The ranking of scholars and institutions using metrics such as the number of publications, the number of citations, or the h-index is not new. Many entities including but not limited to Google Scholar, Scopus, Web of Science, and US News and World Report have ranked scholars (and institutions) using these or similar metrics. Unfortunately, the simple listing of scholars or institutions in rank order based on any of the preceding metrics, without accounting for the publication and citation traditions of particular Fields, Disciplines, and Specialties, unfairly punishes scholars (and institutions) that focus on areas where publication counts, citations, and h-indeces are low relative to other areas. To address this reality, ScholarGPS™ analyzes metrics for individual scholars in terms of their Fields, Disciplines, and Specialties. Therefore, ScholarGPS™ ranks each individual in a rational manner; scholars in the Humanities, Law, or Social Sciences are fairly compared to their counterparts in Medicine, Life Sciences, or Engineering who usually have significantly larger publication and citation counts.
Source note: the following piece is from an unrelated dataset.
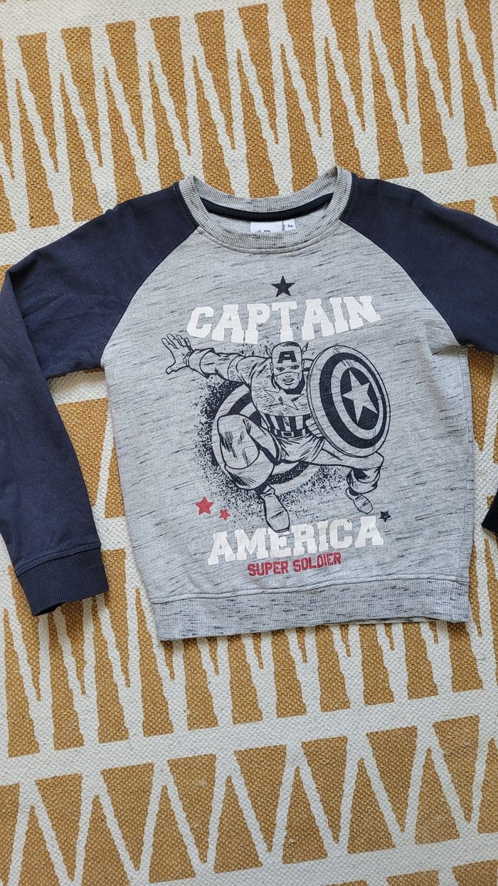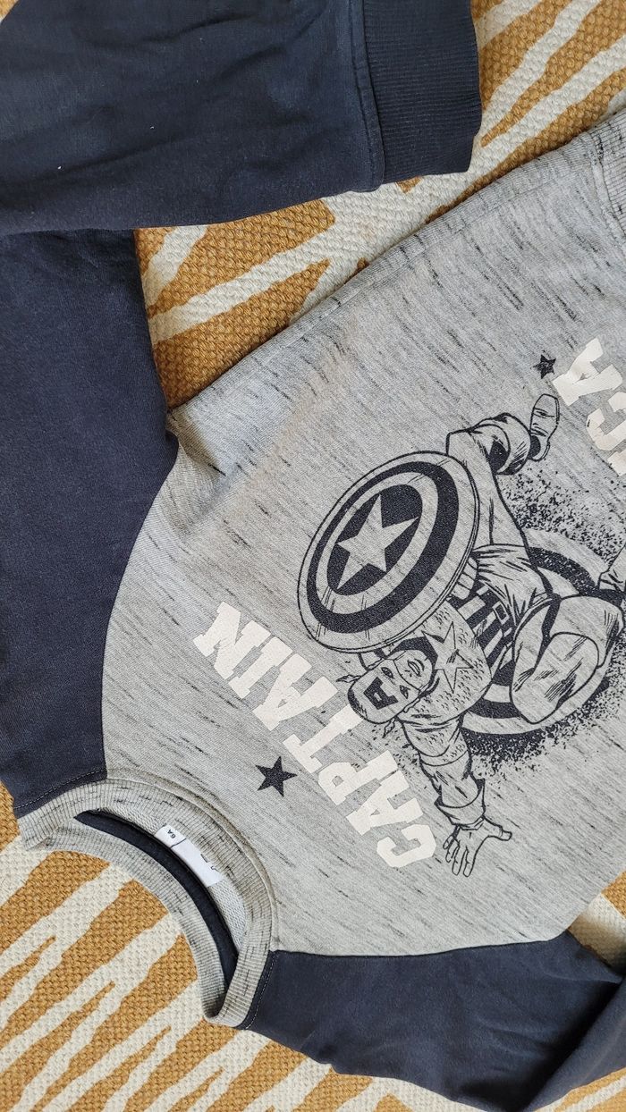 Pull sweat gris à manches noires Avengers captain america 6ans
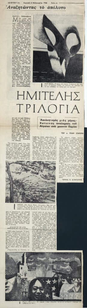 Απόκομμα, χαρτί ακανόνιστου μεγέθους επικολλημένο σε λευκή κόλλα 29×21 εκ., στα ελληνικά. Δημοσίευση άρθρου του Τώνη Σπητέρη, στο οποίο μεταφέρει σκέψεις του για την Τέχνη, με αφορμή έκθεση έργων της συλλογής Walter, στην Orangerie στο Παρίσι.

Other issues associated with the ranking of scholars such as but not limited to how publications with a large number of authors should be counted, how the citations to such publications should be allocated among the authors, whether self-citations should be included or excluded, and how to minimize the perceived bias toward senior scholars who continually accumulate citations to publications that may be decades old, are all addressed by ScholarGPS™. In fact, we provide subscribers with a wide variety of choices in how they see how scholars are ranked (weighting publications, citations, and h-indeces by the number of authors; evaluating either lifetime or prior five-year activity; including or excluding self-citations). Issues associated with the ranking of institutions such as but not limited to how institutions that focus on the Humanities, Law, or Social Sciences can be fairly compared to institutions that focus on Medicine, Life Sciences, or Engineering and Computer Science; the perceived bias of reputational rankings toward more established institutions; minimizing the influence of the size of the institution on the institutional ranking) are also addressed by the purely quantitative ScholarGPS™ ranking methodologies available here. In short, ScholarGPS™ ranks institutions and programs from around the world based on the quantity and quality (relative to their own Disciplines) of active scholars in each institution.
It is likely impossible to find any encompassing set of metrics that would create the perfect scholarly ranking model — one that would be embraced by all scholars and which would rank scholars with absolute and complete fairness and accuracy. ScholarGPS™ recognizes that great care should be taken in using any ranking (whether those from ScholarGPS™ or any other ranking system) as the final statement of any scholar's true influence or any institution's true value. While ScholarGPS™ metrics are derived largely from those used in the sciences and social sciences, other parameters including quality of teaching, outreach activities, as well as other modes of scholarly or artistic dissemination such as exhibitions, performances, and musical compositions should be considered when warranted. Users should therefore not construe a lower ranking as necessarily representative of lesser influence or prestige.